Description of the task:
Please write out all the data that follows exactly, without the pictures.

Records contained in a dataset
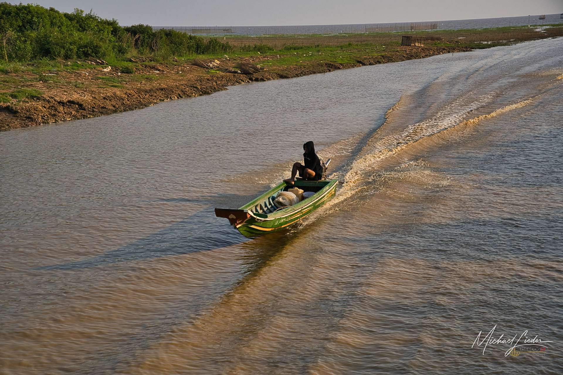 Langsam tuckern wir los. Dieses sonore Knattern des Motors hat etwas Beruhigendes, fast schon Meditatives, wenn man sich darauf einlässt. Mangroven ziehen vorbei, das Wasser wird breiter, die Welt ein bisschen ruhiger. Irgendwann verschwimmen Ufer und Horizont ineinander und man merkt, wie klein man hier draußen eigentlich ist. Und dann tauchen sie auf: Häuser, die nicht entscheiden wollen, ob sie Land oder Wasser gehören. Schwimmend, schaukelnd, irgendwie absurd und gleichzeitig völlig logisch.
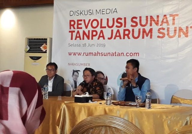 dr. Mahdian Nur Nasution, SpBS, (tengah) menjelaskan informasi seputar sunat. Rieska Virdhani/JawaPos.com/
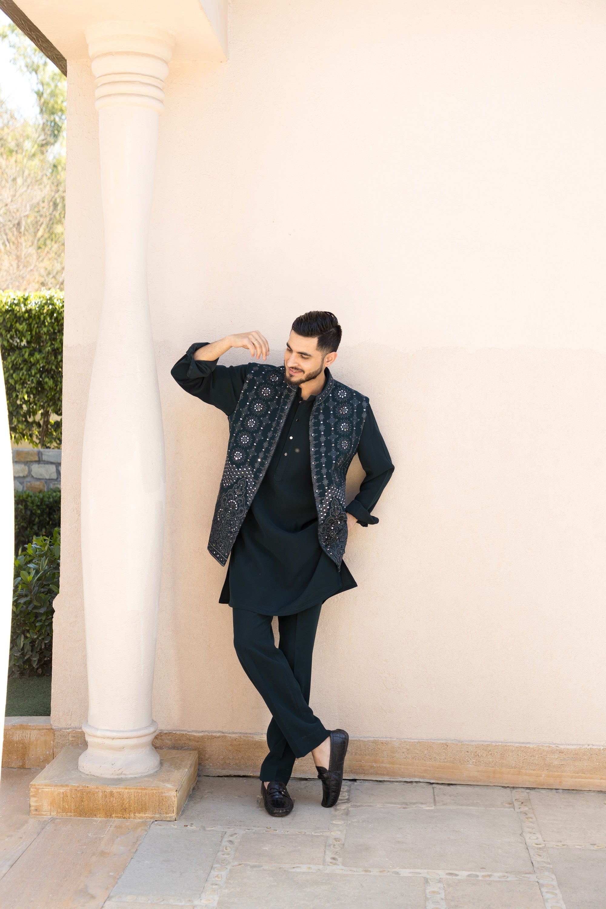The black bundi set, crafted from Italian stretch fabric
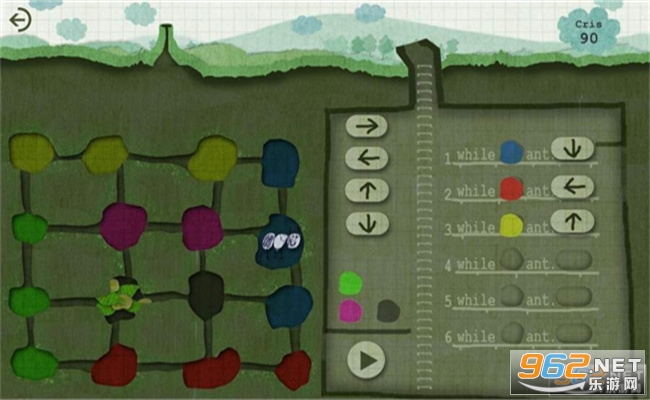 蓝蚁代码安卓版(blueAnt)是一款大人和小孩都适合游玩,可以帮助初步接触和了解编程的思维、训练逻辑能力的益智游戏。游戏中玩家需要通过编排指令的方式来控制蓝色的小蚂蚁在洞穴中移动,正确的编程结果可以让蚂蚁将树叶安全地带回自己的家中。
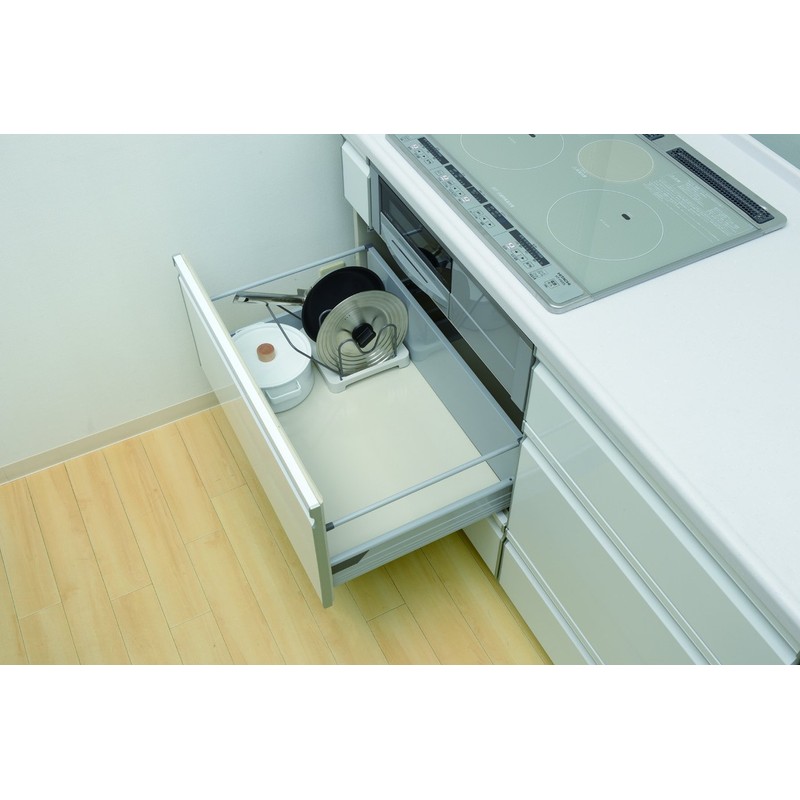 Drawer system for kitchen organization; A dedicated pot pan stand for storing large pots and pans upright in the drawer. The TOTONO series allows you to neatly organize and organize your kitchen drawers. Pull out system for kitchen use. You can mix and match the size and use of your drawer, and it can create a modular storage solution for a neat look. Easy to remove the frying pan, and effective use of dead space! Handle holder for pan top Compact 8.3 inches (21 cm) wide to store frying pans in a space saving space. Size (approximate): 8.3 x 10.6 x 7.3 inches (21 x 27 x 18.5 cm); Compatible with pot/pan sizes from 7.1 - 11.0 inches (18 - Includes 4 dividers. Made in China.
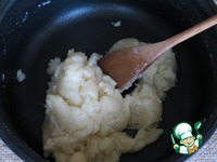 Добавить муку, снять с огня и хорошо перемешать ингредиенты. Должен получиться колобок. Поставить ещё раз на огонь и, постоянно перемешивая, подержать 2 минуты, снять с огня и дать остыть. |
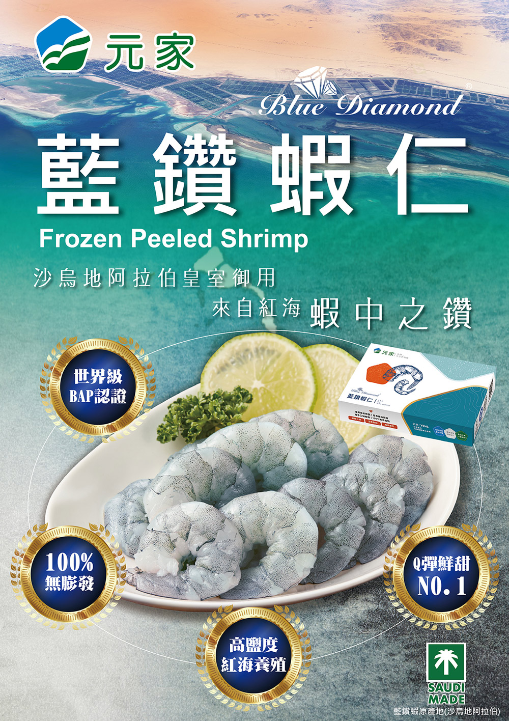 產品特色:原料採用高品質藍鑽蝦,其養殖於全世界鹽度最高的沙烏地阿拉伯紅海海域,造就其肉質Q彈、鮮甜;而藍鑽蝦仁以純手工剝殼、挑腸泥,100%無澎發,原味呈現。小包裝方便使用、衛生安全,適合訴求高品質食材的業者。
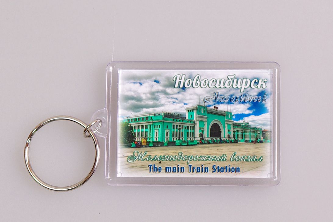 Пластиковый (акриловый) сувенирный брелок с фото железнодорожного вокзала Новосибирск-Главный. Изображение с обеих сторон. Размеры брелка: 40х56 мм., толщина - 10 мм. Брелок упакован в зип-лок пакет.
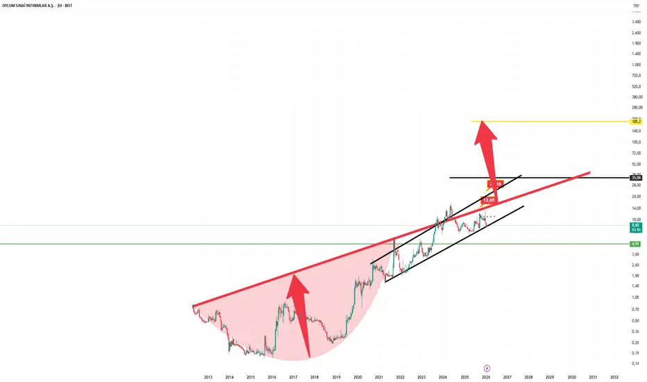 Uzun süredir takip ettiğim bir hisse 2 hafta lık grafiklerden herşey çok net belli oluyor önce 14 TL ler akabinde 25 TL lerin geçilmesi akabinde uzun vade hedefi 150 TL gayet tatmin edici burda anlatılanlar şahsi fikrim olup kesinlikle yatırım tavsiyesi değildir.
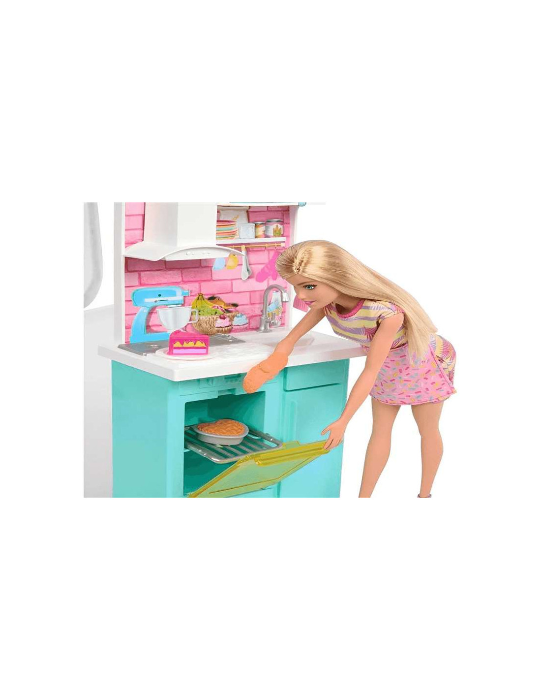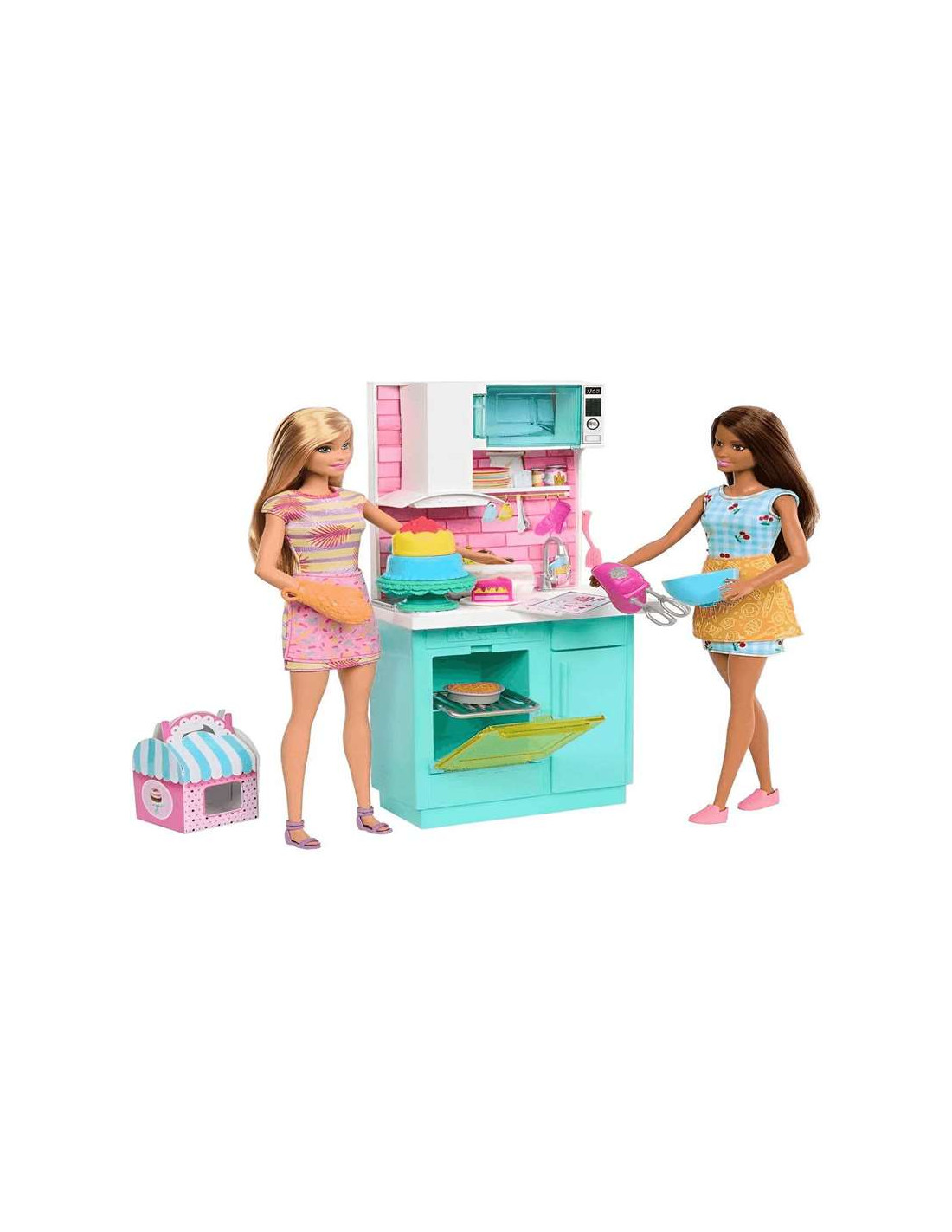 Mattel¡La diversión está servida con el set Barbie Horneando Pastel de Cumpleaños! Este completo conjunto de juego invita a peques a adentrarse en el mundo de la repostería mientras crean dulces historias llenas de imaginación. Incluye dos muñecas Barbie listas para cocinar con sus coloridos outfits, además de una cocina equipada con horno y microondas con puertas que se abren, y un amplio espacio para preparar recetas deliciosas. ¡Todo preparado para celebrar la mejor fiesta de cumpleaños! Con más de 15 accesorios, como cupcakes, tarta, utensilios de cocina y decoración, los peques podrán mezclar, hornear y decorar sus propios postres mientras inventan historias y comparten momentos de juego. ¿Por qué encanta este set? Porque combina creatividad, juego en equipo y situaciones del día a día como cocinar y celebrar, haciendo que cada momento de juego sea único y divertido. Beneficios para el desarrollo Favorece la imaginación, el juego simbólico y la socialización. Además, ayuda a desarrollar la motricidad fina y la creatividad a través del juego de imitación. ¿Qué incluye? Incluye 2 muñecas Barbie, cocina con horno y microondas, delantales, guante de horno, pastel de 3 piezas, cupcakes, tarta y múltiples utensilios de cocina. Edad recomendada: A partir de 3 años. Preguntas frecuentes ¿Se pueden abrir los electrodomésticos? Sí, el horno y el microondas cuentan con puertas funcionales para hacer el juego más realista. ¿Es un buen regalo para cumpleaños? Sí, es un set ideal para regalar en cumpleaños y fomentar el juego creativo relacionado con celebraciones.

Result of this exercise:
 Langsam tuckern wir los. Dieses sonore Knattern des Motors hat etwas Beruhigendes, fast schon Meditatives, wenn man sich darauf einlässt. Mangroven ziehen vorbei, das Wasser wird breiter, die Welt ein bisschen ruhiger. Irgendwann verschwimmen Ufer und Horizont ineinander und man merkt, wie klein man hier draußen eigentlich ist. Und dann tauchen sie auf: Häuser, die nicht entscheiden wollen, ob sie Land oder Wasser gehören. Schwimmend, schaukelnd, irgendwie absurd und gleichzeitig völlig logisch.
 dr. Mahdian Nur Nasution, SpBS, (tengah) menjelaskan informasi seputar sunat. Rieska Virdhani/JawaPos.com/
The black bundi set, crafted from Italian stretch fabric
 蓝蚁代码安卓版(blueAnt)是一款大人和小孩都适合游玩,可以帮助初步接触和了解编程的思维、训练逻辑能力的益智游戏。游戏中玩家需要通过编排指令的方式来控制蓝色的小蚂蚁在洞穴中移动,正确的编程结果可以让蚂蚁将树叶安全地带回自己的家中。
 Drawer system for kitchen organization; A dedicated pot pan stand for storing large pots and pans upright in the drawer. The TOTONO series allows you to neatly organize and organize your kitchen drawers. Pull out system for kitchen use. You can mix and match the size and use of your drawer, and it can create a modular storage solution for a neat look. Easy to remove the frying pan, and effective use of dead space! Handle holder for pan top Compact 8.3 inches (21 cm) wide to store frying pans in a space saving space. Size (approximate): 8.3 x 10.6 x 7.3 inches (21 x 27 x 18.5 cm); Compatible with pot/pan sizes from 7.1 - 11.0 inches (18 - Includes 4 dividers. Made in China.
 Добавить муку, снять с огня и хорошо перемешать ингредиенты. Должен получиться колобок. Поставить ещё раз на огонь и, постоянно перемешивая, подержать 2 минуты, снять с огня и дать остыть. |
 產品特色:原料採用高品質藍鑽蝦,其養殖於全世界鹽度最高的沙烏地阿拉伯紅海海域,造就其肉質Q彈、鮮甜;而藍鑽蝦仁以純手工剝殼、挑腸泥,100%無澎發,原味呈現。小包裝方便使用、衛生安全,適合訴求高品質食材的業者。
 Пластиковый (акриловый) сувенирный брелок с фото железнодорожного вокзала Новосибирск-Главный. Изображение с обеих сторон. Размеры брелка: 40х56 мм., толщина - 10 мм. Брелок упакован в зип-лок пакет.
 Uzun süredir takip ettiğim bir hisse 2 hafta lık grafiklerden herşey çok net belli oluyor önce 14 TL ler akabinde 25 TL lerin geçilmesi akabinde uzun vade hedefi 150 TL gayet tatmin edici burda anlatılanlar şahsi fikrim olup kesinlikle yatırım tavsiyesi değildir.
 Mattel¡La diversión está servida con el set Barbie Horneando Pastel de Cumpleaños! Este completo conjunto de juego invita a peques a adentrarse en el mundo de la repostería mientras crean dulces historias llenas de imaginación. Incluye dos muñecas Barbie listas para cocinar con sus coloridos outfits, además de una cocina equipada con horno y microondas con puertas que se abren, y un amplio espacio para preparar recetas deliciosas. ¡Todo preparado para celebrar la mejor fiesta de cumpleaños! Con más de 15 accesorios, como cupcakes, tarta, utensilios de cocina y decoración, los peques podrán mezclar, hornear y decorar sus propios postres mientras inventan historias y comparten momentos de juego. ¿Por qué encanta este set? Porque combina creatividad, juego en equipo y situaciones del día a día como cocinar y celebrar, haciendo que cada momento de juego sea único y divertido. Beneficios para el desarrollo Favorece la imaginación, el juego simbólico y la socialización. Además, ayuda a desarrollar la motricidad fina y la creatividad a través del juego de imitación. ¿Qué incluye? Incluye 2 muñecas Barbie, cocina con horno y microondas, delantales, guante de horno, pastel de 3 piezas, cupcakes, tarta y múltiples utensilios de cocina. Edad recomendada: A partir de 3 años. Preguntas frecuentes ¿Se pueden abrir los electrodomésticos? Sí, el horno y el microondas cuentan con puertas funcionales para hacer el juego más realista. ¿Es un buen regalo para cumpleaños? Sí, es un set ideal para regalar en cumpleaños y fomentar el juego creativo relacionado con celebraciones.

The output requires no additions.